Cabot Options Institute All-Weather Portfolio – Alert (DBC)
Invesco DB Commodity Index ETF (DBC)
We currently own the DBC January 17, 2025, 21 call LEAPS contract at $4.80. You must own LEAPS in order to use this strategy.
If you are new to the position, based on our approach, the LEAPS contract that works best is the one with a current delta of 0.79: the January 17, 2025, 20 calls. We typically initiate a LEAPS position, with a delta of roughly 0.80, that has roughly 18 to 24 months left until expiration.

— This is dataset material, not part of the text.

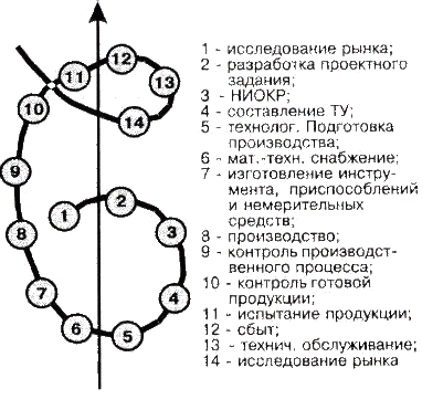 Дж. Джуран первым обосновал переход от контроля качества к управлению качеством. Им разработана знаменитая «спираль качества» (спираль Джурана) — вневременная пространственная модель, определившая основные стадии непрерывно развивающихся работ по управлению качеством (рисунок 1) и послужившая прообразом многих появившихся позже моделей. |

Also, if you wish to enter the position and are uncertain about which LEAPS to purchase, please refer to the reports section of your subscriber page or our latest subscriber-exclusive webinar in which I go through the process, step by step, of entering a new position of an already established position.
Here is the trade (you must own LEAPS in DBC before placing the trade, otherwise you will be naked short calls):
Once you have LEAPS in your possession:
Sell to open DBC July 21, 2023, 23 call for roughly $0.60 or more (adjust accordingly, prices may vary from time of alert)
Premium received: 12.5%
Once the initial LEAPS purchase occurs, we maintain the position and focus on selling near-term call premium against our LEAPS, lowering the original cost basis of $4.80 (or the price at which you purchased your LEAPS) with each and every transaction.
We can continue to sell calls against our LEAPS contract every month or so to lower the total capital outlay. But remember, options have a limited life, so when we get closer to the LEAPS contract’s expiration, we will simply sell the contract and use the proceeds to continue our poor man’s covered call strategy in DBC.